> _What to work on_:
Each line of the data below containing "Brumadinho" needs to be listed.

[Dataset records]
#####

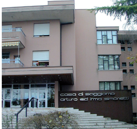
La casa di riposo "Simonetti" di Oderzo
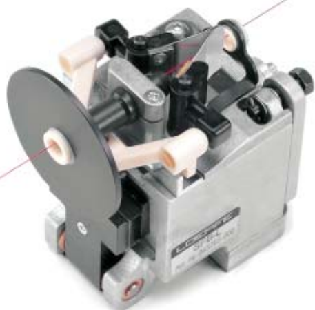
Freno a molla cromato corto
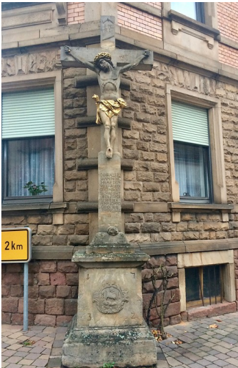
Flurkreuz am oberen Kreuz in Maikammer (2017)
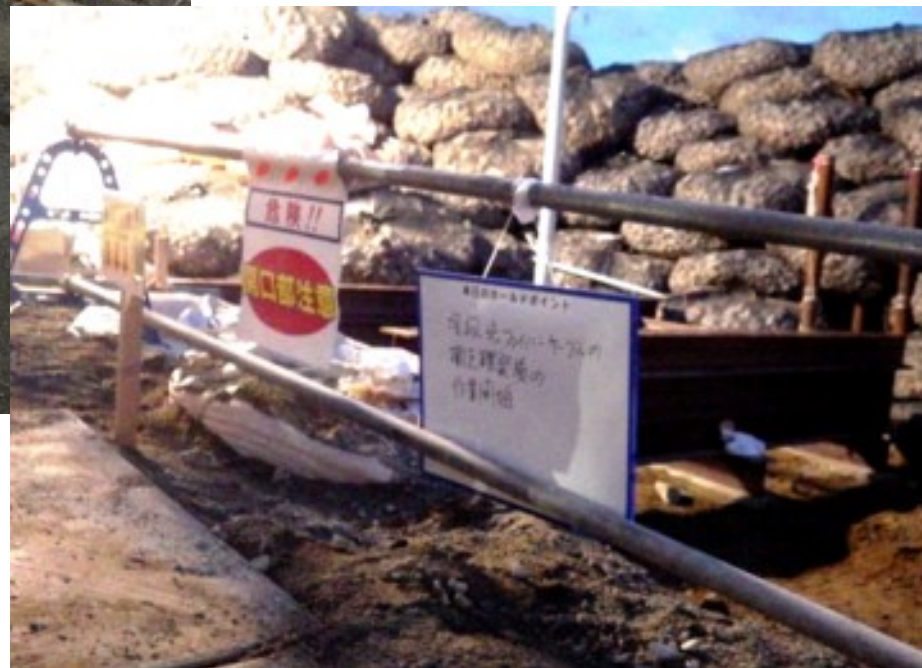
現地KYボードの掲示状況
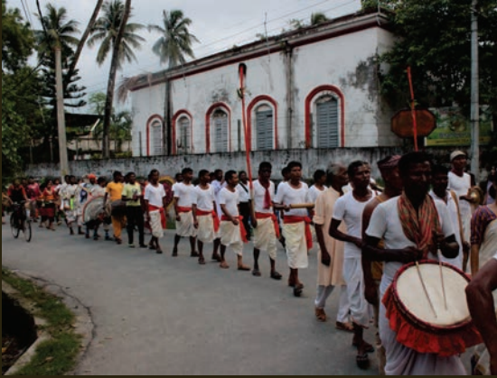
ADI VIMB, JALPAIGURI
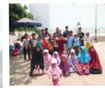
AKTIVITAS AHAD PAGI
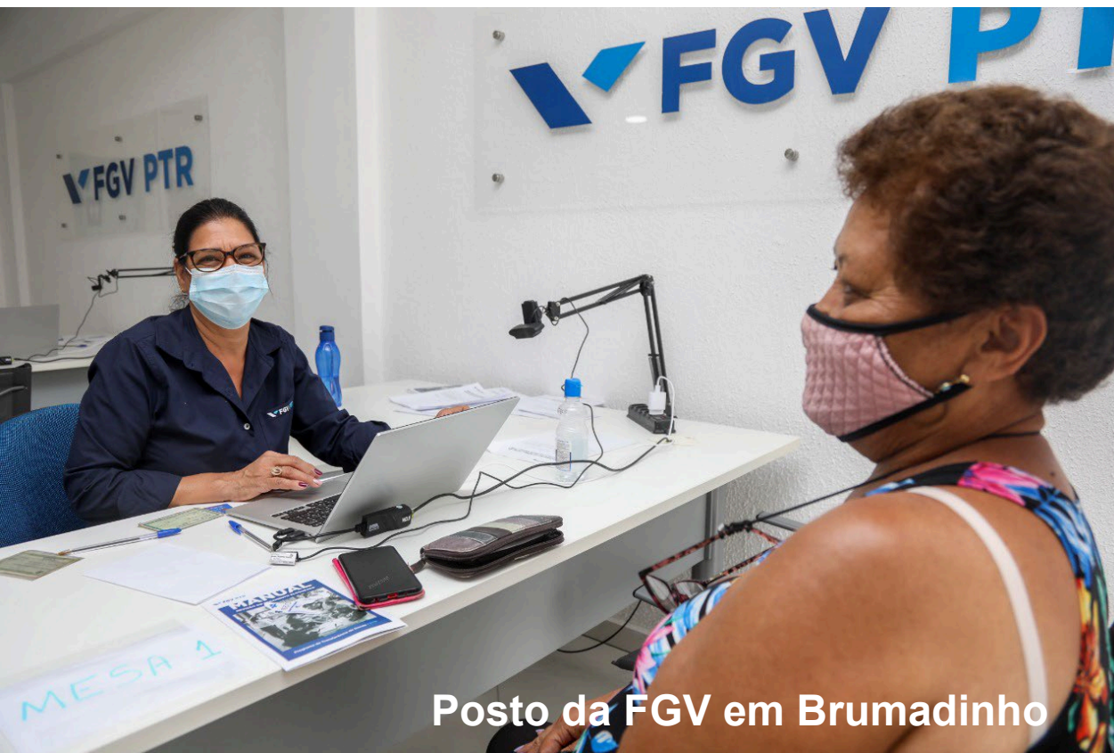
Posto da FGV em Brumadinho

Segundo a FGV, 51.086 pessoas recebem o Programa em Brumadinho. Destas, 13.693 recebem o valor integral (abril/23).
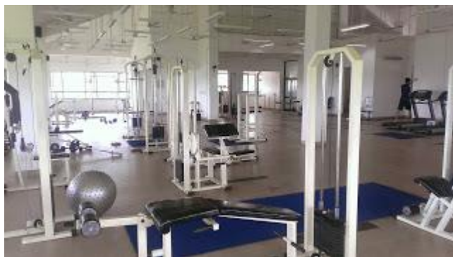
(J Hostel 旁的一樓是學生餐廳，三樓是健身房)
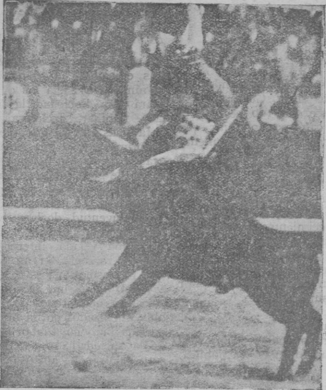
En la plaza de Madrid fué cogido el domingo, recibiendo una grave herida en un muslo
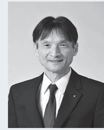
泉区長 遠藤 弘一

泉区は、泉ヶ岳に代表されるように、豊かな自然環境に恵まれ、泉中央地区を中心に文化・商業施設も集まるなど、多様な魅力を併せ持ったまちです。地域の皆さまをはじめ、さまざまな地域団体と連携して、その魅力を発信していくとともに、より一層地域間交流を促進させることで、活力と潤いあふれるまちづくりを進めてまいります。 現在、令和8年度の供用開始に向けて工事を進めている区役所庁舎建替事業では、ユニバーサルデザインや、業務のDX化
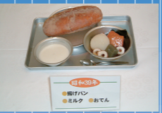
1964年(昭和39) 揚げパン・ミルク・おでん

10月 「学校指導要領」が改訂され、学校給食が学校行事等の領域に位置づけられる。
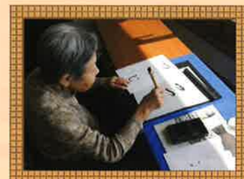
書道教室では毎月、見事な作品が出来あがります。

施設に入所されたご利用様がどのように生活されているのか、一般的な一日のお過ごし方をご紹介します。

#####

> _Your solution_:
Posto da FGV em Brumadinho
Segundo a FGV, 51.086 pessoas recebem o Programa em Brumadinho. Destas, 13.693 recebem o valor integral (abril/23).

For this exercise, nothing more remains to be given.